事務局を手伝うようになって1年ぐらいたった頃、法人会員の美交工業さんが久宝寺の指定管理者になって、聚さんも何かやってみませんかと声をかけられて、レッツ久宝探検隊がスタート。私自身はマスターでもないし自信はなかったんですが、他のメンバーはそれぞれ担当をもっていたので、それじゃあ…という感じでリーダーになりました。
いわゆるフィールド活動ではないので戸惑いもあったんですが、みんなで相談して、要は自然に親しんでもらって、その中から活動を理解してくれる人がひとりでも増えたらいいのでは、ということに。最初は聚の活動を意識した講座もあったんですが、参加者が増えてくるにつれて、みんなが楽しめる体験主体のプログラムを企画するようになりました。

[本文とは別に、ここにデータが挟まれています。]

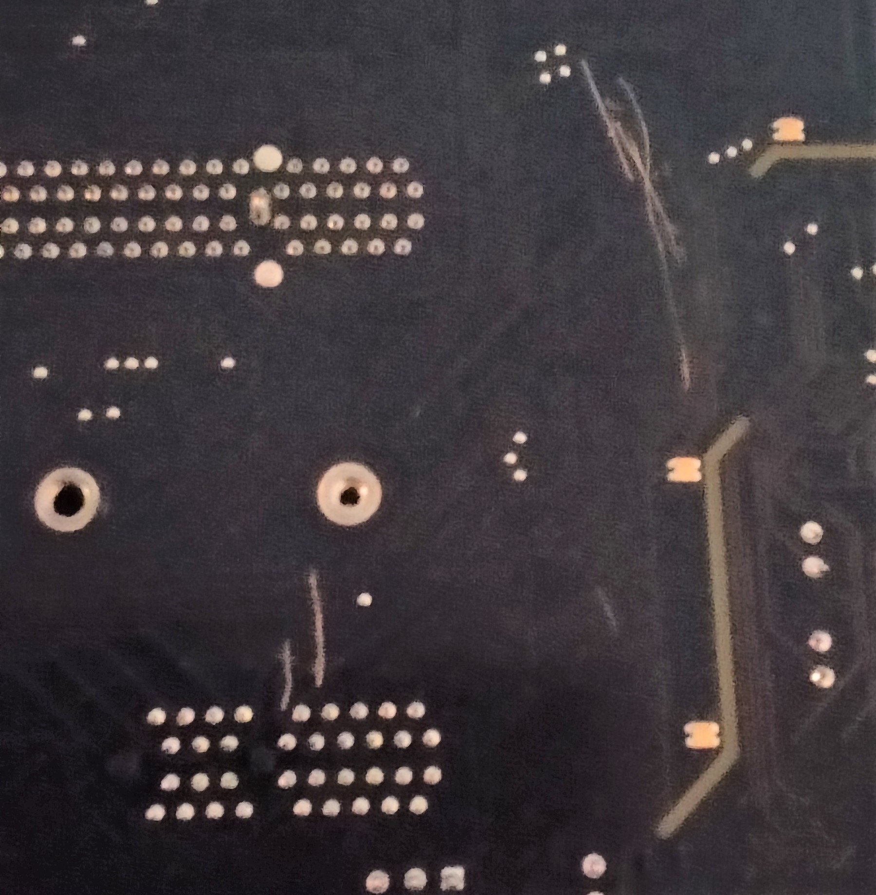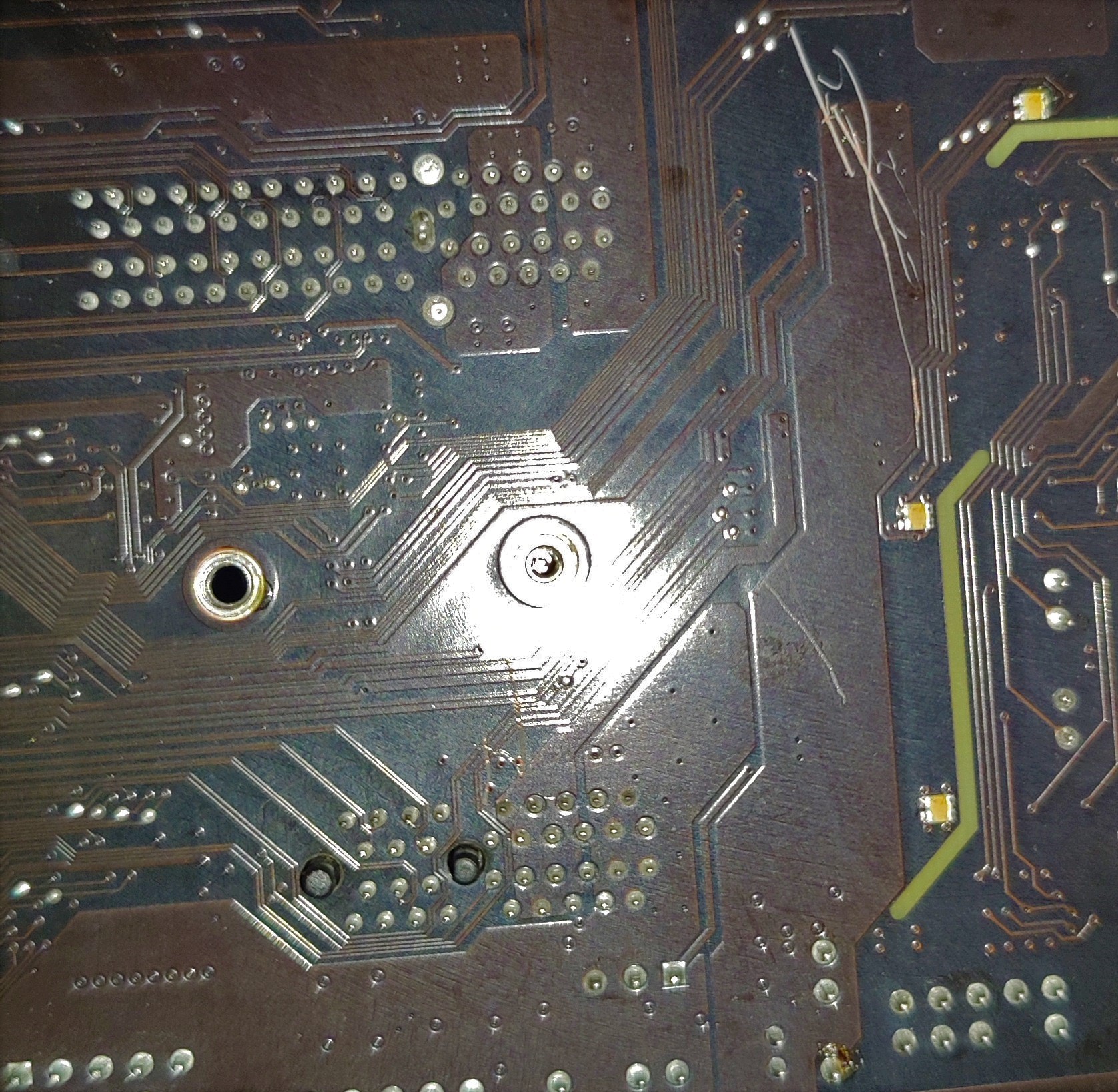 Das Board ist leider gebraucht gekauft. Deshalb hab ich es vor dem Zusammenbauen genau auf Schäden untersucht. Leider bin ich auch fündig geworden. Wie auf dem Bild zusehen sind kratzer auf der Rückseite unten rechts zusehen, die auch leicht Kupfer erkennen lassen. Vor dem Zusammenbauen habe ich das Board einzeln kurz laufen lassen um sicherzugehen das es nirgends raucht oder es einen Kurzen hat.
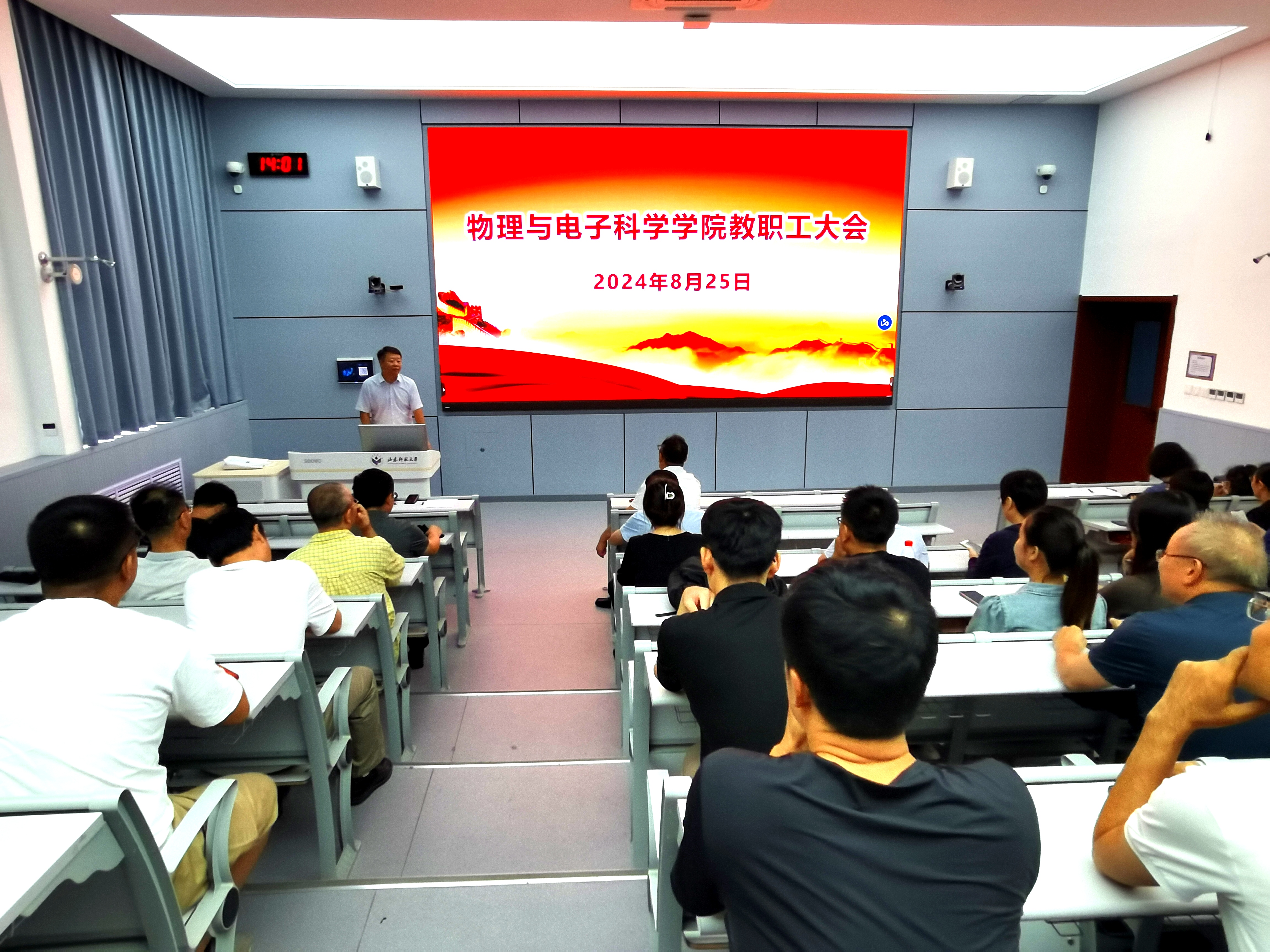 8月25日下午,学院在千佛山校区1215智慧教室召开新学期全体教职工大会,传达学校2024年工作动员大会精神,安排部署新学期各项工作任务。会议由学院党委书记谢德仁主持。

久宝寺ではいろんな団体が活動をしているので、その中で我々が特色を出すためにはどうしたらいいかと考えて、七草粥のように昔からの風習や文化を体験するようなプログラムも実施。今の子どもたちやその親の世代を見ていると、そういう経験をしていない人が多いという印象はありますが、昆虫観察会には我々よりよほど知識がある子どもたちも来てくれますし、そういう子たちがいずれ活動に参加してくれるようになるといいなと思っています。
里山を一から育てる
プロジェクトも。
久宝寺緑地では3年前から「自然学習ゾーン」の整備もしています。「生きものとふれあえる都市型自然公園」というコンセプトで、クヌギやコナラが中心の森を整備して、そこでいろんな体験ができるような場所にしていこうと作業をしている段階です。難しいのは、公園は府民の財産だからあんまり木を切っちゃいけないんですね。今回は計画書を作って、ちゃんと理由があることを理解してもらって切ることになったんですが、そのへんの認識を共有して、八尾土木事務所さんと美交工業さんと我々がいい関係を保ちながら活動できたらと思っています。
関西にもグリーンセイバーがたくさんいらっしゃるんですが、せっかく資格も知識もあるのに活動していない方が多いんですね。私も自信はありませんでしたが、いろんな活動をやるうちに育てられたという気がしています。関西には都市公園での観察会から、里山整備、専門的な森づくりまで、いろんな活動がありますから、その中から興味のあるものを選べますし、5人の事務局ボランティアをはじめ、参加してくれる人たちも楽しいメンバーばかりですから、ぜひ一度参加してください。